Herausforderung p-Wert
Immer, wenn wir wissen wollen, ob es einen Unterschied zwischen zwei Gruppen gibt, rechnen wir einen statistischen Test.1 Zum Beispiel, ob Menschen, die ein Medikament erhalten haben, bessere Chancen auf Heilung haben als die, die keins genommen haben. Bei den aktuell gängigsten Tests kommt dann ein sogenannter p-Wert heraus – wenn der kleiner als 0,05 ist, sprechen wir von einem „statistisch signifikanten Unterschied“.2 Was das genau bedeutet, ist aber gar nicht so einfach. Selbst Menschen mit statistischer Ausbildung ziehen häufig falsche Schlussfolgerungen aus dem p-Wert. Dieses Missverständnis wird gerne als (Mit-)Ursache der Replikationskrise in der Wissenschaft genannt, also dem Problem, dass sich Befunde in einem erneuten Experiment so nicht mehr zeigen lassen. Ein wesentlicher Schuldiger ist dabei der Publication Bias, der direkt mit dem p-Wert zusammenhängt: Statistisch signifikante Befunde (p < 0,05) haben größere Chancen auf eine Veröffentlichung. Naheliegend, dass einige Autoren daher versuchen, möglichst kleine p-Werte herauszubekommen – was man z.B. durch Veränderung der Ausschlusskriterien von Probanden oder andere statistische Kniffe erreichen kann. Dieses sogenannte „p-hacking“ geschieht nicht immer absichtlich – es ist nicht immer offensichtlich, was ein notwendiger Griff an die Daten ist und was ein falscher. Vielleicht singen deswegen Coldplay in The Scientist: „Nobody said it was easy.“
Das Problem mit den p-Werten ist also eine Mischung aus Unwissen und (gezielter) Manipulation. Um die Kritik zu verstehen, die aktuell am p-Wert geübt wird, müssen wir aber zunächst verstehen, was der p-Wert überhaupt aussagt. Ich will das gar nicht schön reden: Die Interpretation eines p-Wertes ist eine ordentliche Kopfnuss und ich musste auch erst mal drei Stunden ins Leere starren, bevor ich mich in der Lage gefühlt habe, diesen Beitrag zu verfassen. Aber keine Sorge – ich denke, ich kriege eine nachvollziehbare Erklärung hin, die keinen Mathe- oder Statistikkurs voraussetzt.
Warum der p-Wert?
Wieso veranstalten wir das ganze Theater überhaupt? Weil wir immer dann, wenn wir Gruppen vergleichen, niemals die ganze Bevölkerung untersuchen können. Stattdessen ziehen wir eine kleine Stichprobe, mit der wir Aussagen über die „Population“ machen wollen.3 Dabei kann es zufällig passieren, dass wir uns Unterschiede zwischen den Gruppen einfangen, die gar nichts mit dem Effekt zu tun haben, den wir untersuchen wollen. Am besten stellen wir das mit einem Beispiel dar. Wir vergleichen zwei Burgerläden und wollen wissen, ob einer davon bessere Onlinebewertungen erhalten hat als der andere.

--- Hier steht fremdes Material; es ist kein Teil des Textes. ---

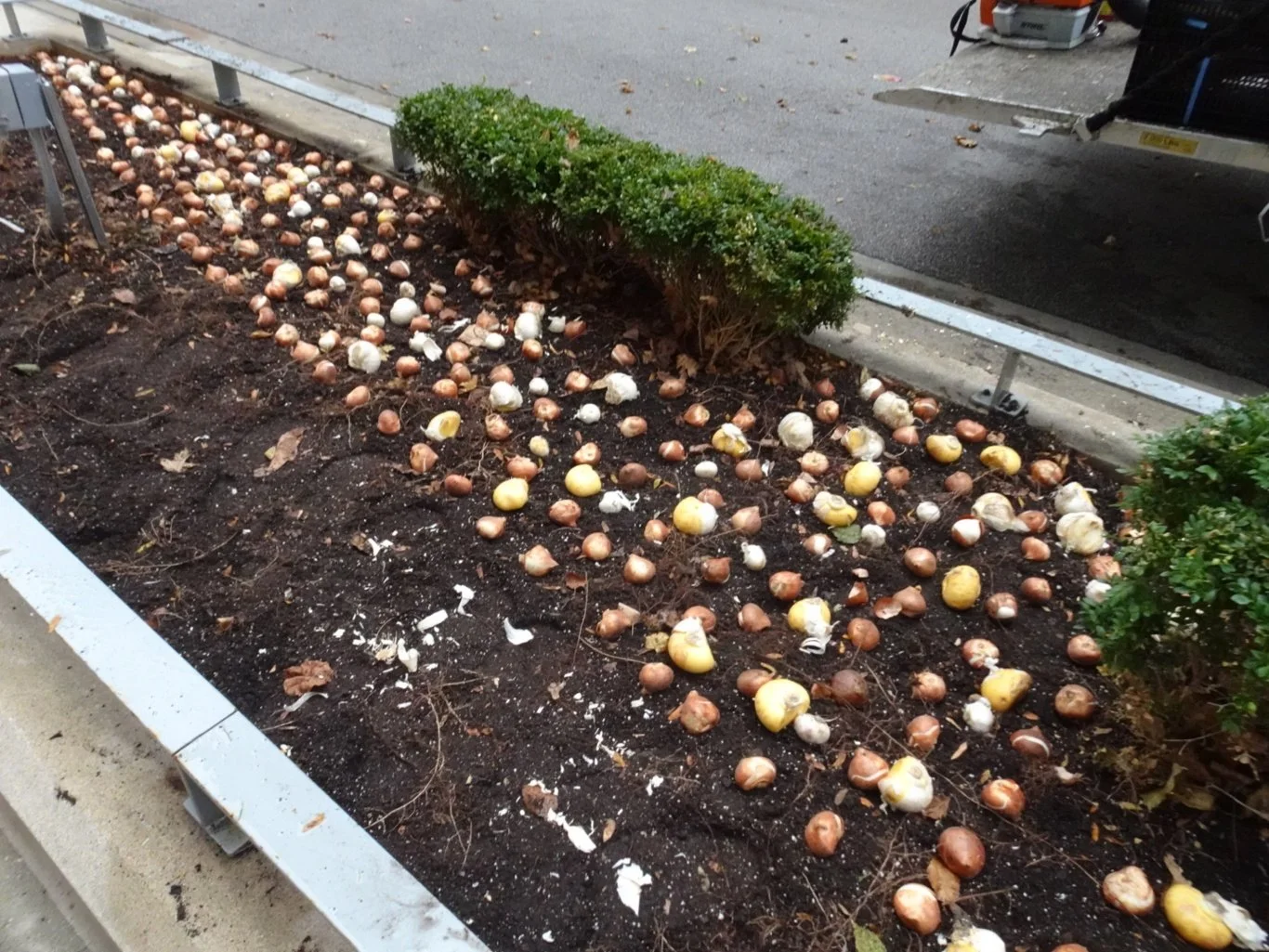 They were planting a huge number of bulbs in those beds in a density sure to create a spectacular show next Spring.

Wir simulieren das mal mit R, meiner Lieblingsprogrammiersprache. Das hat den Vorteil, dass wir alle Bewertungen (also die gesamte Population) kennen und verschiedene Szenarien durchspielen können. Ich generiere mal 10 Millionen Burgerladen-Bewertungen auf einer Skala von 1 – 10. Weil ich’s kann. Diese 10 Millionen Bewertungen verwende ich einmal für Burgerladen 1 und einmal für Burgerladen 2. Das heißt, insgesamt gibt es 20 Millionen Bewertungen und die beiden Burgerläden sind exakt identisch. Für jeden der beiden Läden sieht die Verteilung der Bewertungen so aus:

Die Bewertungen zeigen eine gewisse Streuung: Einige Kunden haben einen besonders guten Tag erwischt und volle zehn Punkte gegeben, einige Kunden sind vielleicht generell schwer zu begeistern und mussten auch noch lange warten und haben deswegen nur einen Punkt vergeben. Wir haben es aber insgesamt mit soliden, wenn auch nicht großartigen Burgerläden zu tun: Die allermeisten Bewertungen liegen bei beiden um die fünf oder sechs Punkte, und das ist auch etwa die durchschnittliche Bewertung.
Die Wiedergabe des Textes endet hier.